> Data extracts
###

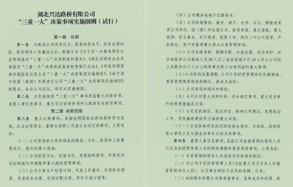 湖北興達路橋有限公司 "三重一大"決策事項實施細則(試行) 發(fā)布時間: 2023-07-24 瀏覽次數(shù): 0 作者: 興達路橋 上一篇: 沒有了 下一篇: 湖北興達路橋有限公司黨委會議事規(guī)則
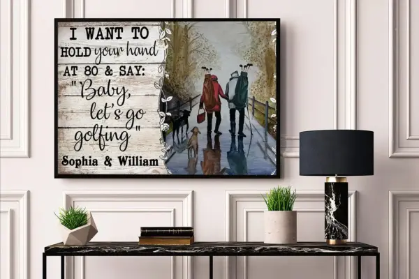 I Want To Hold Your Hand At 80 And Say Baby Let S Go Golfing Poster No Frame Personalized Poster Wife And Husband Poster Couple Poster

###

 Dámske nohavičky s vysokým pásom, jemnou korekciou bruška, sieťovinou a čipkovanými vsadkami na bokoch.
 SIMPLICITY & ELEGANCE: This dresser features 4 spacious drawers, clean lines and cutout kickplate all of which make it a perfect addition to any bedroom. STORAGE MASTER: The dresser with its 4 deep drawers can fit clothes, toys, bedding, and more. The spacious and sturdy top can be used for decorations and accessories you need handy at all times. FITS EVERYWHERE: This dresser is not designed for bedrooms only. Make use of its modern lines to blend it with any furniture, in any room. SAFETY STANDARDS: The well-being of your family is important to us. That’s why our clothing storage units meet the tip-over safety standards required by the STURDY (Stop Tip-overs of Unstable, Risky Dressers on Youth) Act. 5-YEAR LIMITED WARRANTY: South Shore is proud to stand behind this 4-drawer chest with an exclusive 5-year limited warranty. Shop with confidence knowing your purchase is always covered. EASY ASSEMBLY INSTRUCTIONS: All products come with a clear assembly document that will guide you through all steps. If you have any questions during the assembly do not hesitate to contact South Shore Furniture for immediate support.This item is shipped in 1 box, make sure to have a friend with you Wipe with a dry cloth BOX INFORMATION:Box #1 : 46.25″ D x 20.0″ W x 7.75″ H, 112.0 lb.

###

Return only the stretch above from the line containing "沒有了 下一篇: 湖北興達路橋有限公司黨委會議事規(guī)則" through the line containing "I Want To Hold", word for word and without pictures.

> Answer section
 湖北興達路橋有限公司 "三重一大"決策事項實施細則(試行) 發(fā)布時間: 2023-07-24 瀏覽次數(shù): 0 作者: 興達路橋 上一篇: 沒有了 下一篇: 湖北興達路橋有限公司黨委會議事規(guī)則
 I Want To Hold Your Hand At 80 And Say Baby Let S Go Golfing Poster No Frame Personalized Poster Wife And Husband Poster Couple Poster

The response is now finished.